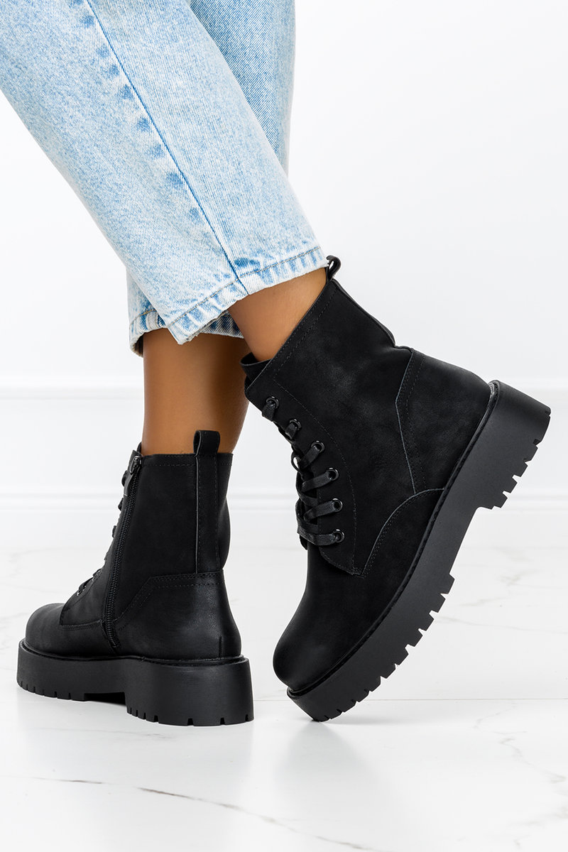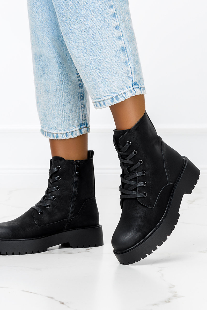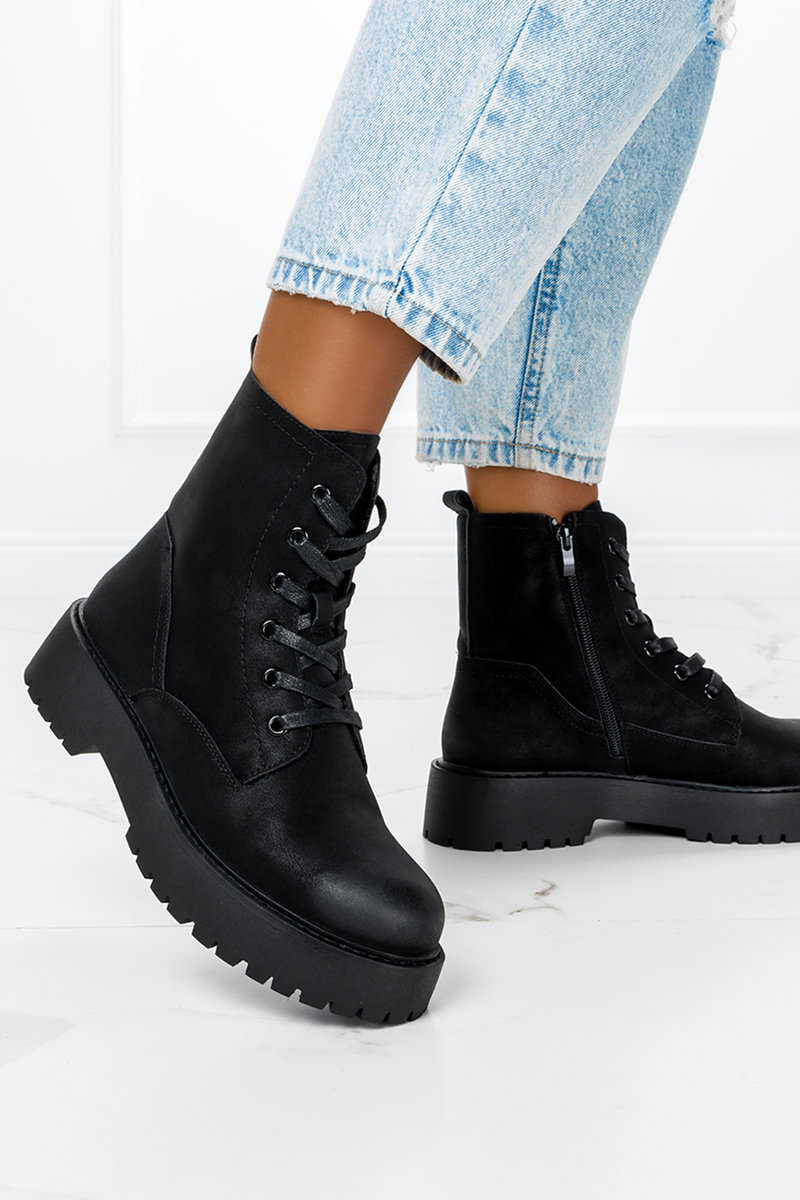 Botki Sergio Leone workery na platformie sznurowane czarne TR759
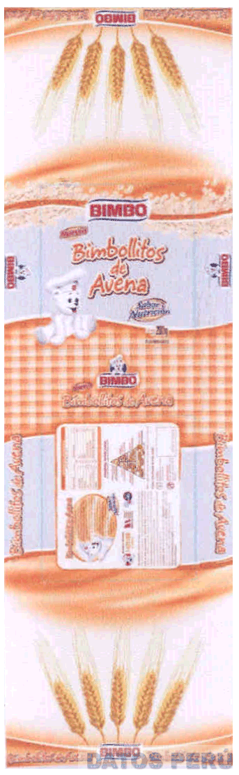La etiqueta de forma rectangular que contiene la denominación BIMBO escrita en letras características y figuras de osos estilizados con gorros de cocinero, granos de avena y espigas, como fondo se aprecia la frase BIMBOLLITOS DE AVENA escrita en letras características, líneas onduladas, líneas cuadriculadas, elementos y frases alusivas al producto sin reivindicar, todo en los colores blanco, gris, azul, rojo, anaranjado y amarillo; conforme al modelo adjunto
___
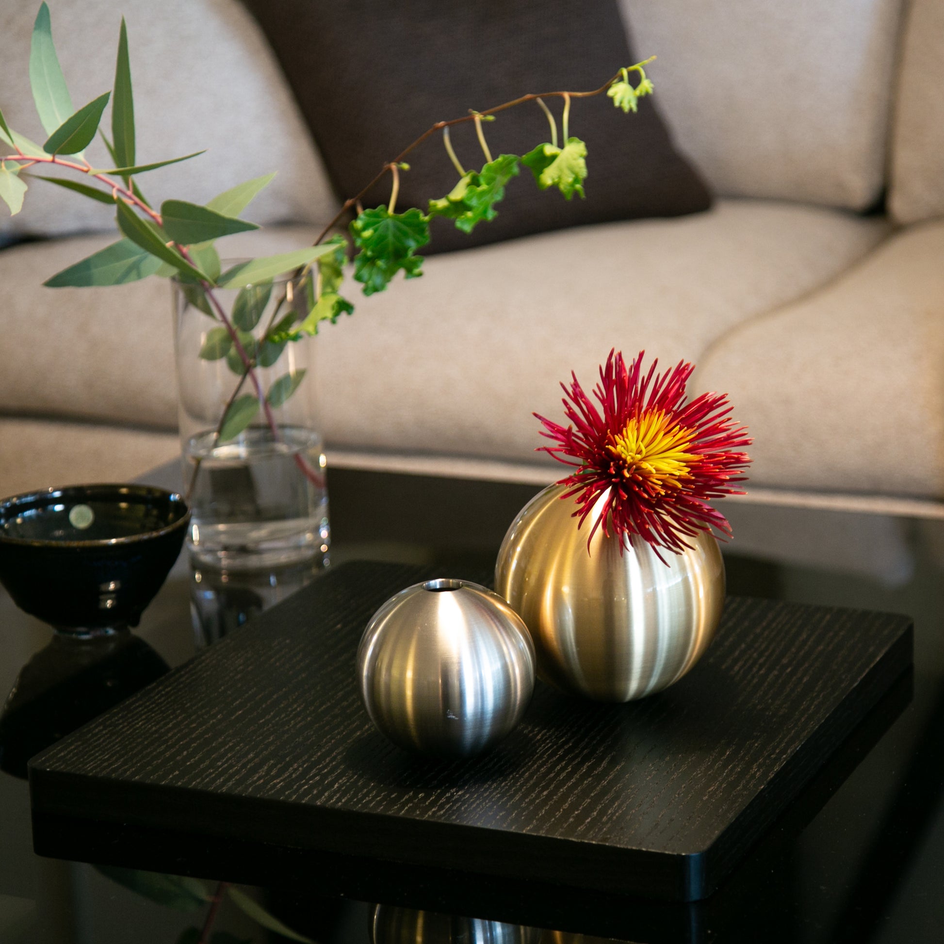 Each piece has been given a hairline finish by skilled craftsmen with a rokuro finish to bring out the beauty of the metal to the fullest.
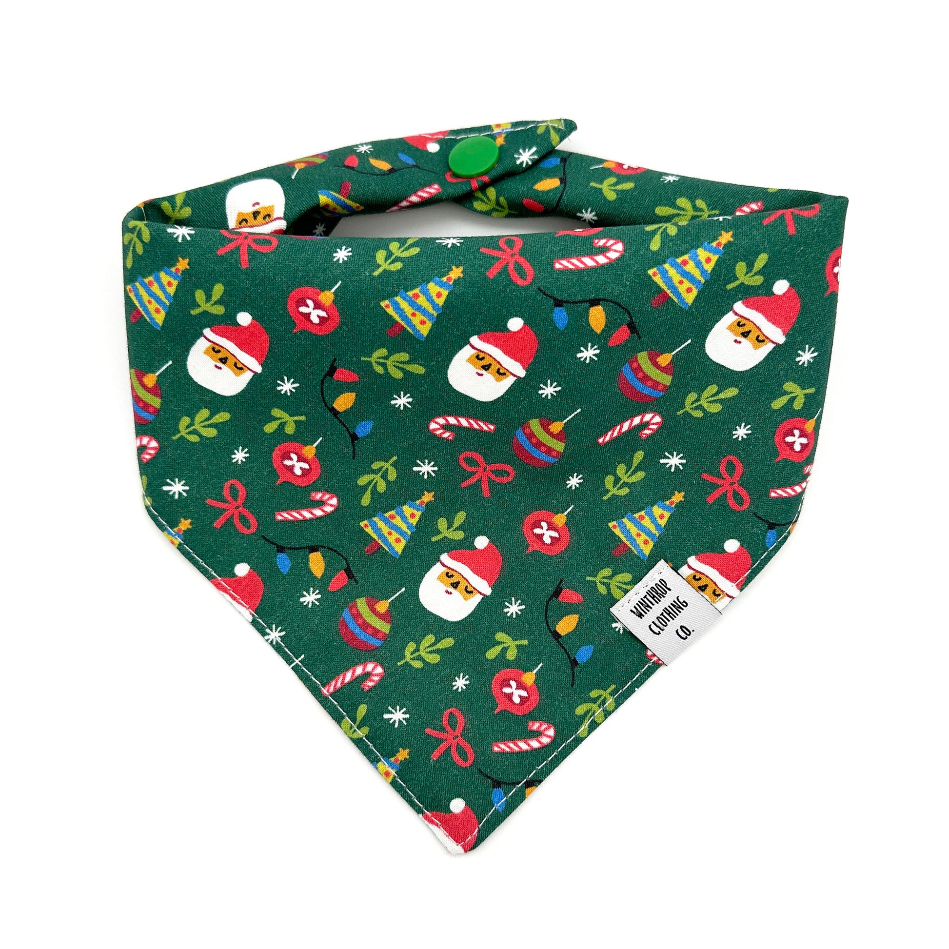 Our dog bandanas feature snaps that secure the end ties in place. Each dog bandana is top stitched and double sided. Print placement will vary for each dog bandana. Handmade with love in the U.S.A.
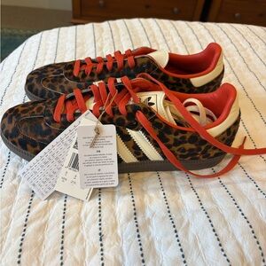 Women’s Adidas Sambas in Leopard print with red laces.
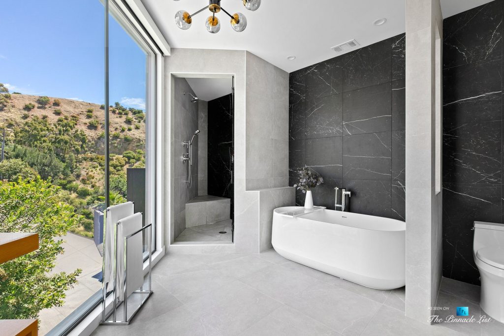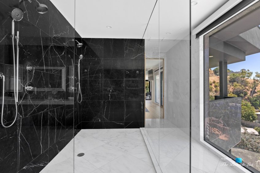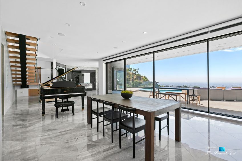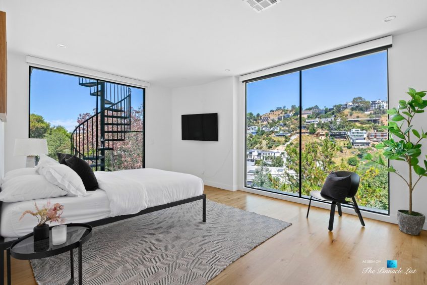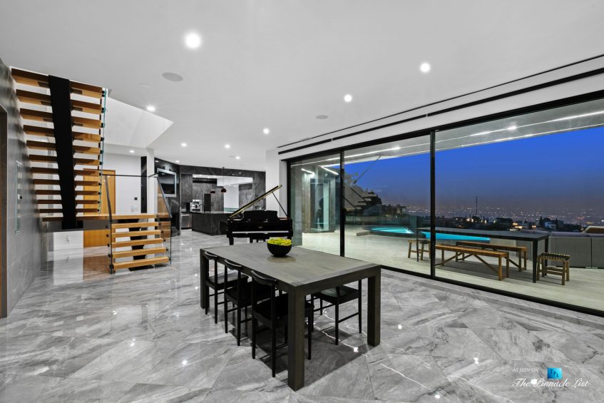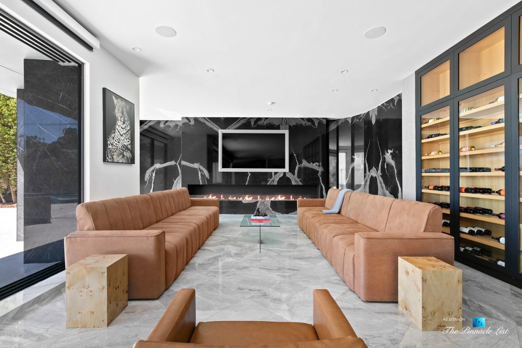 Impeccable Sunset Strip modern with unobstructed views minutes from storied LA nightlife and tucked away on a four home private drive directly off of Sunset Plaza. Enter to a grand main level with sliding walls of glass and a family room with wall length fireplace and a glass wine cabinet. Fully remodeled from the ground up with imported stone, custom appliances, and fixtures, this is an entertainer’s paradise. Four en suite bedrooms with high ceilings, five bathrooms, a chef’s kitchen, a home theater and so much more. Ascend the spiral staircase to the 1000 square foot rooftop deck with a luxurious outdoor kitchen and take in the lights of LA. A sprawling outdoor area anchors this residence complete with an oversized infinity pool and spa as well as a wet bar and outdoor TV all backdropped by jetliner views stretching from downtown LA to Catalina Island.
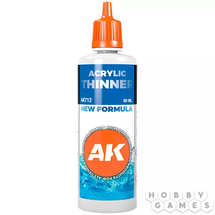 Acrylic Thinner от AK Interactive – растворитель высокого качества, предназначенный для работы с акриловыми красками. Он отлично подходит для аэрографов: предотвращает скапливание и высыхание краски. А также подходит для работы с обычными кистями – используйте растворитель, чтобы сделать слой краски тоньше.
___
## What the task asks
Output exactly the lines above, beginning at the one with "Women’s Adidas Sambas" and stopping after the one with "Impeccable Sunset Strip". Pictures are to be omitted.

## Your solution
 Women’s Adidas Sambas in Leopard print with red laces.
 Impeccable Sunset Strip modern with unobstructed views minutes from storied LA nightlife and tucked away on a four home private drive directly off of Sunset Plaza. Enter to a grand main level with sliding walls of glass and a family room with wall length fireplace and a glass wine cabinet. Fully remodeled from the ground up with imported stone, custom appliances, and fixtures, this is an entertainer’s paradise. Four en suite bedrooms with high ceilings, five bathrooms, a chef’s kitchen, a home theater and so much more. Ascend the spiral staircase to the 1000 square foot rooftop deck with a luxurious outdoor kitchen and take in the lights of LA. A sprawling outdoor area anchors this residence complete with an oversized infinity pool and spa as well as a wet bar and outdoor TV all backdropped by jetliner views stretching from downtown LA to Catalina Island.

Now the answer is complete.